Real effect of stock buybacks
Joe Surber
Growth Consulting | Enterprise and Business Strategy | B2B Business Development Marketing
I have often expressed my frustration with American Airlines on this site. I have even contemplated moving out of Charlotte so I could fly a better airline. My complaint is not about cancelled flights or an occasionally surly associate. My complaint is that it is obvious $AAL is not investing in their employees and processes. Their commitment to the customer experience is too obviously missing.
With all the recent press on airline bailouts and stock buybacks, I thought I'd run some top-level numbers to see if my assumptions are right.

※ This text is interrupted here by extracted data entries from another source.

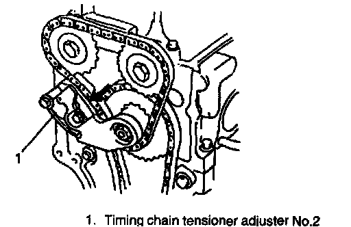 8. Install timing chain tensioner adjuster No.2 and gasket.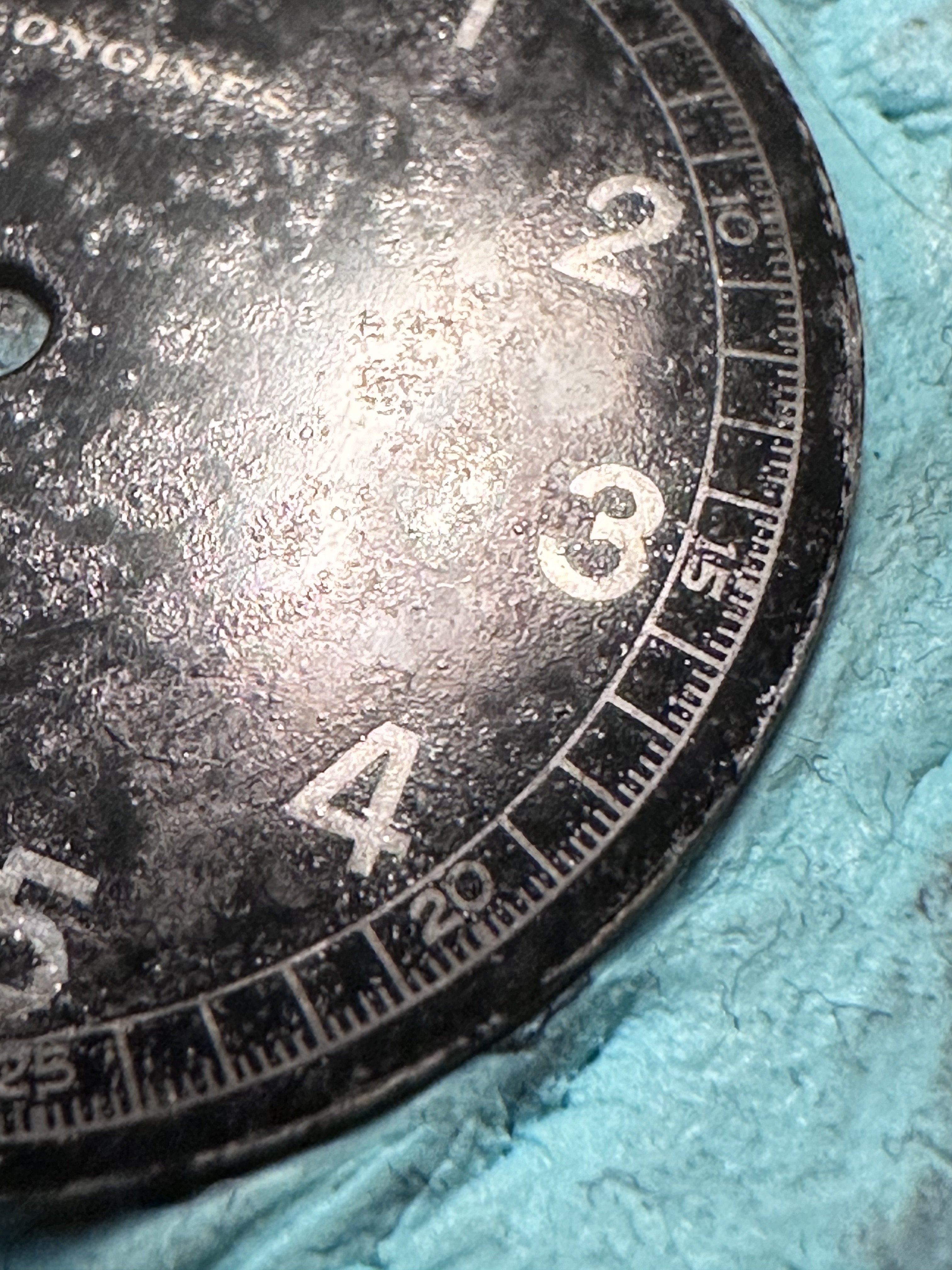 The dial below required two days and lots of tests- and again you’d have to be prepared to accept a bad outcome of completely destroying your dial. That’s the standard collectors use when making those decisions.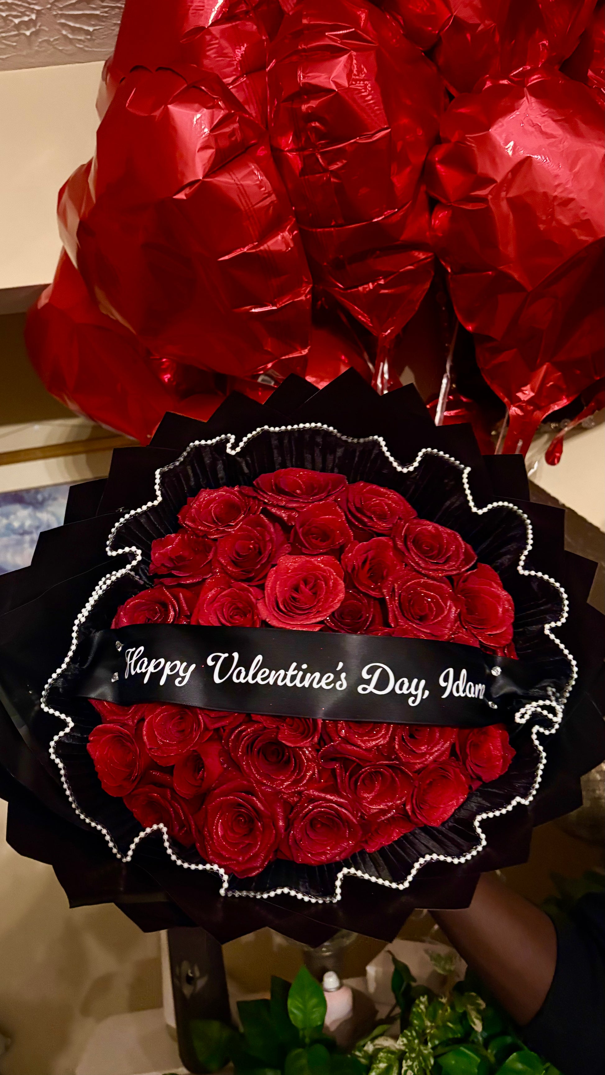 A bouquet that defines luxury romance. Red Velvet features 50 red glitter roses wrapped in sleek black film with pearl trim — elegant, bold, and irresistibly rich. It’s the kind of bouquet that says “I didn’t just think of you, I planned this.”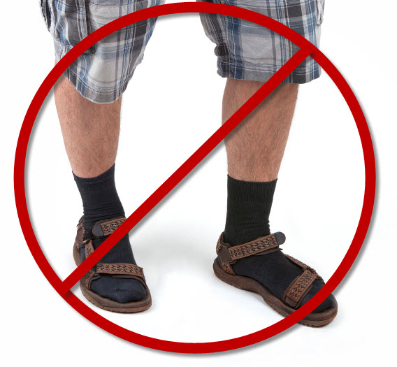 Don’t, under any circumstances, walk the streets of New York City wearing socks and sandals, no matter what the season.  Sandals can be fine, but use your judgment as flip flops may be more appropriately left for your beach visits.  And, please observe the socks-and-sandals corollary if you’re a male: never wear sandals into fine restaurants, theater, or any other upscale venue.  Women have it a bit easier here, as sandals (not flip flops) are acceptable as long as a pedicure has been recently enjoyed.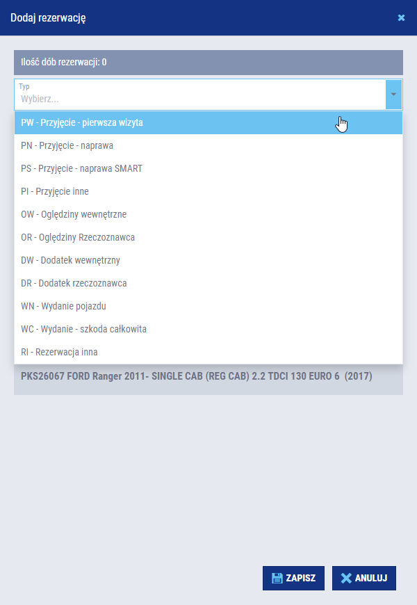 Dla kalendarza doradców (pierwsza wizyta, oględziny, przyjęcie i wydanie pojazdu), oznaczenia informują odpowiednio:

At first glance, it appears that AAL is in line with key competitors on total buybacks.
However, once we take into account Free Cash Flow (FCF), it is obvious AAL is spending money they don't have. Since the only reason to buy your own stock is to artificially inflate the price, only a small portion of profits (FCF in this case) should be allocated to stock buybacks.
The end result of this waste of capital is a downward spiral of their own making. Create a negative experience and customers will pay less. This leads to lower profits, then a lower stock price, which they solve by spending (or borrowing) money to artificially raise the stock price instead of creating a good experience. Rinse. Repeat.
I'm not sure $AAL will survive this downturn. I'm certain that the leadership team should not. The tens of thousands of employees have been betrayed. For them, and only them, offer some form of financial support.